GIVEN INFORMATION section start

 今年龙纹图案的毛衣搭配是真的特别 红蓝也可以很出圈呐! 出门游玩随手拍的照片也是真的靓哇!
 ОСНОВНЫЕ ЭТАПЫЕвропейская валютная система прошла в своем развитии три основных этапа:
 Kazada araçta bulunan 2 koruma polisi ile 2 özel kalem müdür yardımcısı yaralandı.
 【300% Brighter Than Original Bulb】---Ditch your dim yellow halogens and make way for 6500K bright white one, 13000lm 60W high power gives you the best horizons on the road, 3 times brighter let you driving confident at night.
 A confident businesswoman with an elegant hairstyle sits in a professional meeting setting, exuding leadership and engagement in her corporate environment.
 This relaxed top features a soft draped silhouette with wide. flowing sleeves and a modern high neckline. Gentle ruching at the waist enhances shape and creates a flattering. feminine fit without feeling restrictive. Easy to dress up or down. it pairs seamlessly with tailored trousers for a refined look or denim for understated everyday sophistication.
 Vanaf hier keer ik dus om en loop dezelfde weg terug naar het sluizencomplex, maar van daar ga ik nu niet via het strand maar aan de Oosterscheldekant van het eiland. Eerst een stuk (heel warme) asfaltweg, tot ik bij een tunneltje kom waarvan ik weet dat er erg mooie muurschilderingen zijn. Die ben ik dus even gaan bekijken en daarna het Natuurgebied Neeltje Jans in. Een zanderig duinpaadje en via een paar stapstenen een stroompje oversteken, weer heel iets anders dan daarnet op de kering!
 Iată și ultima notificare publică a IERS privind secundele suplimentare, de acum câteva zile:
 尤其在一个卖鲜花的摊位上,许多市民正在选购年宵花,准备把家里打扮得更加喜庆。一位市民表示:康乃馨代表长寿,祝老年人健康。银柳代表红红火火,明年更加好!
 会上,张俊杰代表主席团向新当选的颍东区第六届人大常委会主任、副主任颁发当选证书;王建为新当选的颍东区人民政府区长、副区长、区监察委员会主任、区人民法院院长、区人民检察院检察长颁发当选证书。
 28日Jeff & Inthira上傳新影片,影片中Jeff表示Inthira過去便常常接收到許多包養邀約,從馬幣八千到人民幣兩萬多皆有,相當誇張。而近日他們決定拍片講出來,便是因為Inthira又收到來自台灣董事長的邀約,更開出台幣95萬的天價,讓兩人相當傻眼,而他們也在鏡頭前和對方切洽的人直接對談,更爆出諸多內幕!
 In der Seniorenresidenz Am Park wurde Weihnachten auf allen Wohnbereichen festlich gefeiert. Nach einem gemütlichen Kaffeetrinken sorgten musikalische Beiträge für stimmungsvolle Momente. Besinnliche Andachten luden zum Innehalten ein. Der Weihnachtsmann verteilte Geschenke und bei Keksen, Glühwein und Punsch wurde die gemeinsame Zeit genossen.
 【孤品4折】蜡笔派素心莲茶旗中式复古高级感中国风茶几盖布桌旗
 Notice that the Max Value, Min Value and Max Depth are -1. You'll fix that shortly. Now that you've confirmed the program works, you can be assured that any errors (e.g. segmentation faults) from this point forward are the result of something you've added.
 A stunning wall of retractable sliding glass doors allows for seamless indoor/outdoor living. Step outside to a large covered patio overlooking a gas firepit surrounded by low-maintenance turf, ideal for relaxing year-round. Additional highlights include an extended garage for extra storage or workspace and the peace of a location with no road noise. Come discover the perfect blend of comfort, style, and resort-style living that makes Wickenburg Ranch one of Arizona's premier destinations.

GIVEN INFORMATION section end

WHAT TO DO ▸
The whole listing should be copied verbatim.

ANSWER TO THIS PROBLEM ▸
 今年龙纹图案的毛衣搭配是真的特别 红蓝也可以很出圈呐! 出门游玩随手拍的照片也是真的靓哇!
 ОСНОВНЫЕ ЭТАПЫЕвропейская валютная система прошла в своем развитии три основных этапа:
 Kazada araçta bulunan 2 koruma polisi ile 2 özel kalem müdür yardımcısı yaralandı.
 【300% Brighter Than Original Bulb】---Ditch your dim yellow halogens and make way for 6500K bright white one, 13000lm 60W high power gives you the best horizons on the road, 3 times brighter let you driving confident at night.
 A confident businesswoman with an elegant hairstyle sits in a professional meeting setting, exuding leadership and engagement in her corporate environment.
 This relaxed top features a soft draped silhouette with wide. flowing sleeves and a modern high neckline. Gentle ruching at the waist enhances shape and creates a flattering. feminine fit without feeling restrictive. Easy to dress up or down. it pairs seamlessly with tailored trousers for a refined look or denim for understated everyday sophistication.
 Vanaf hier keer ik dus om en loop dezelfde weg terug naar het sluizencomplex, maar van daar ga ik nu niet via het strand maar aan de Oosterscheldekant van het eiland. Eerst een stuk (heel warme) asfaltweg, tot ik bij een tunneltje kom waarvan ik weet dat er erg mooie muurschilderingen zijn. Die ben ik dus even gaan bekijken en daarna het Natuurgebied Neeltje Jans in. Een zanderig duinpaadje en via een paar stapstenen een stroompje oversteken, weer heel iets anders dan daarnet op de kering!
 Iată și ultima notificare publică a IERS privind secundele suplimentare, de acum câteva zile:
 尤其在一个卖鲜花的摊位上,许多市民正在选购年宵花,准备把家里打扮得更加喜庆。一位市民表示:康乃馨代表长寿,祝老年人健康。银柳代表红红火火,明年更加好!
 会上,张俊杰代表主席团向新当选的颍东区第六届人大常委会主任、副主任颁发当选证书;王建为新当选的颍东区人民政府区长、副区长、区监察委员会主任、区人民法院院长、区人民检察院检察长颁发当选证书。
 28日Jeff & Inthira上傳新影片,影片中Jeff表示Inthira過去便常常接收到許多包養邀約,從馬幣八千到人民幣兩萬多皆有,相當誇張。而近日他們決定拍片講出來,便是因為Inthira又收到來自台灣董事長的邀約,更開出台幣95萬的天價,讓兩人相當傻眼,而他們也在鏡頭前和對方切洽的人直接對談,更爆出諸多內幕!
 In der Seniorenresidenz Am Park wurde Weihnachten auf allen Wohnbereichen festlich gefeiert. Nach einem gemütlichen Kaffeetrinken sorgten musikalische Beiträge für stimmungsvolle Momente. Besinnliche Andachten luden zum Innehalten ein. Der Weihnachtsmann verteilte Geschenke und bei Keksen, Glühwein und Punsch wurde die gemeinsame Zeit genossen.
 【孤品4折】蜡笔派素心莲茶旗中式复古高级感中国风茶几盖布桌旗
 Notice that the Max Value, Min Value and Max Depth are -1. You'll fix that shortly. Now that you've confirmed the program works, you can be assured that any errors (e.g. segmentation faults) from this point forward are the result of something you've added.
 A stunning wall of retractable sliding glass doors allows for seamless indoor/outdoor living. Step outside to a large covered patio overlooking a gas firepit surrounded by low-maintenance turf, ideal for relaxing year-round. Additional highlights include an extended garage for extra storage or workspace and the peace of a location with no road noise. Come discover the perfect blend of comfort, style, and resort-style living that makes Wickenburg Ranch one of Arizona's premier destinations.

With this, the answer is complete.